On les a vus arriver au crépuscule. Ils marchent lentement, les yeux grand ouvert ou bien à demi-clos. Les précédant, des enfants du village courent et crient de joie. Pareils aux anges, ils apportent la bonne nouvelle à Saint-Jean. Des pèlerins, des pèlerins, répètent-ils, et les gens sortent de leurs maisons, commentent l’arrivée inattendue des voyageurs, puis s’animent tout à fait pour qu’au pied de la montagne, aucun pèlerin ne soit laissé sans secours. Il faut faire vite, car le soleil commence de décliner. Les montagnes rosissent.
Elle a suivi ses parents sur le pas de la porte.
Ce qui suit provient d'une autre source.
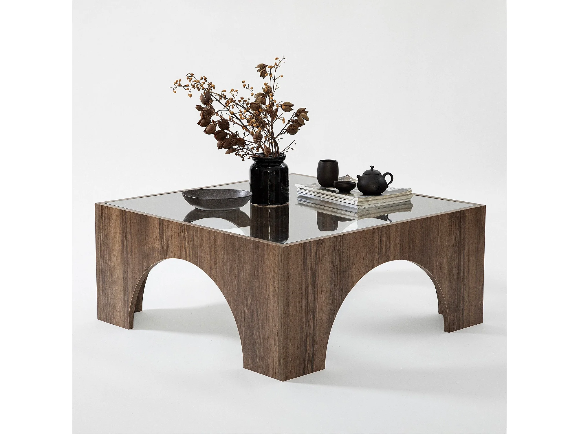 Table basse Vittina 80x80cm Bois foncé et Verre Transparent

Elle voudrait courir avec les enfants, et prendre sa part de cette innocence bruyante et accueillante. Son père, cependant, le lui interdirait. Il est de ces hommes que la fortune a choisis, et que les villageois écoutent. Cependant, comme il va lui-même vers les étrangers, elle prend la décision de le suivre. Elle a gardé dans la main un quignon de pain, car c’est l’heure du souper. Mais ce repas a désormais quelque chose de lointain, de futile presque, car la rencontre avec les pèlerins revêt un caractère fantastique.
Les voyageurs se sont arrêtés au milieu de la grande rue. On l’appelle comme cela, non à cause de ses dimensions, mais parce qu’y transitent tout homme, toute bête, toute marchandise, dont la destination finale est le plus souvent une grande localité du nord ou du sud, et rarement Saint-Jean-Pied-de-Port elle-même. Il est donc naturel que les pèlerins suivent la trace de ceux et celles qui, mus par la nécessité économique et non religieuse, viennent ici avant de traverser les monts. Les prêtres de la cité se sont approchés et commencent un chant de prière. Les pèlerins le reprennent avec eux.
Comme d’autres hommes du village, le père a proposé l’hospitalité aux pèlerins. Sur le chemin de sa maison, la jeune fille se tient derrière les hôtes, qui eux-mêmes suivent le père. Aucune parole n’est échangée. Pour cause, l’idiome que parlent ces gens n’est pas le même que celui de ces montagnes. Les gestes et les regards expriment la reconnaissance pour le don simple du pain, de la viande cuite et de la bouillie de légumes. Pour la couche, on dispose un peu de paille fraîche sur le sol de terre battue. On se dit des mots qui restent inconnus, et qui doivent signifier : passez une bonne nuit, ou bien merci.
Tandis que l’âtre flamboie et que les respirations s’apaisent, que les consciences s’évadent vers des mondes qui seront oubliés dès l’aube, la jeune fille demeure éveillée. Son regard scrute son double : une jeune pèlerine de treize, quatorze ans peut-être, à la peau cuivrée et aux cheveux étrangement blonds. La jeune fille essaie de percer le secrets de ces yeux sur elle fixés : les chemins de plaine et ceux de montagne, les forêts sombres et les sous-bois clairs, les villages silencieux et les grouillantes bourgades. Les mots manquent, et le sommeil l’emporte.
Aux côtés de sa mère, la jeune fille prépare un morceau de pain, un autre de fromage et va emplir une outre d’eau. Dans l’aube froide et humide, les voyageurs s’apprêtent à repartir, et les villageois vaquent à leurs activités. Une arrivée est un événement, un départ est le retour à la norme. La jeune fille a tendu son offrande à son double, et désormais son cœur bondit. Tant de fois elle a voulu suivre ces hommes et ces femmes, venus de l’inconnu et y retournant, comme elle a tenté, quelque semaines auparavant de monter aux alpages en compagnie des bergers.
Passé la crête, il est un monde dont elle a entendu parler. Des marchands ont décrit un grand plateau sec, et une route infinie que longe la mer. Des pèlerins s’en revenant pleuraient d’avoir apposé les mains sur le tombeau d’un saint. Lorsque les voyageurs quittent Saint-Jean, la jeune fille les suit, jusqu’aux limites de la ville, puis elle les observe s’éloigner. Ces espérances lui sont proscrites. À peine se console-t-elle de ce que celle qui lui ressemble tant marche à présent vers cet ailleurs qu’elle désire tant. Soudain, l’orage éclate. La montagne la rappelle.